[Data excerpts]

+++

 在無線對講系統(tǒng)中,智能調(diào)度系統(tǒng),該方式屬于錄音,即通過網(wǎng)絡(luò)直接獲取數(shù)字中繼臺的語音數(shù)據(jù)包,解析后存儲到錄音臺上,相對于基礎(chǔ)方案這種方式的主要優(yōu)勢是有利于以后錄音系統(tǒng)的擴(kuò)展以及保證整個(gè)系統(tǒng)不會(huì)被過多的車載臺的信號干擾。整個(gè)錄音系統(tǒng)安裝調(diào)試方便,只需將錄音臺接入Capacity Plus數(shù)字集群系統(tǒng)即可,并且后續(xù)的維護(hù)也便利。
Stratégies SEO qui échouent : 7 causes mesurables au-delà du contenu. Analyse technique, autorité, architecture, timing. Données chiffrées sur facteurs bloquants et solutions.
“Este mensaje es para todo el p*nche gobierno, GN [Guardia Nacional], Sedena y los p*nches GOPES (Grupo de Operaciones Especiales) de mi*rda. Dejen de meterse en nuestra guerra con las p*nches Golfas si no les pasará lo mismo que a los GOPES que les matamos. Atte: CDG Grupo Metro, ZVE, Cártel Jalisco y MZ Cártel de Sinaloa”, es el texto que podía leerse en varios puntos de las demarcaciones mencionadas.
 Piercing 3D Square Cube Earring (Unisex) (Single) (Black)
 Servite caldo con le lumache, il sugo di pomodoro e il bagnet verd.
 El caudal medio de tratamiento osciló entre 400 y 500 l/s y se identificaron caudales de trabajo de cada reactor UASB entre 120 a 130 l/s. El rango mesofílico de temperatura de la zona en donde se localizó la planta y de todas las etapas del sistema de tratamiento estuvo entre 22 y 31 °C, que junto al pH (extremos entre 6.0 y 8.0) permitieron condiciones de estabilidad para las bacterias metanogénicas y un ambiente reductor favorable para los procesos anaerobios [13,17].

+++

◆ **What you need to do**: In the data above, start at the line that has "Piercing 3D Square", stop after the line that has "Servite caldo con", and print every line in between exactly as it stands.

◆ **Output**:
 Piercing 3D Square Cube Earring (Unisex) (Single) (Black)
 Servite caldo con le lumache, il sugo di pomodoro e il bagnet verd.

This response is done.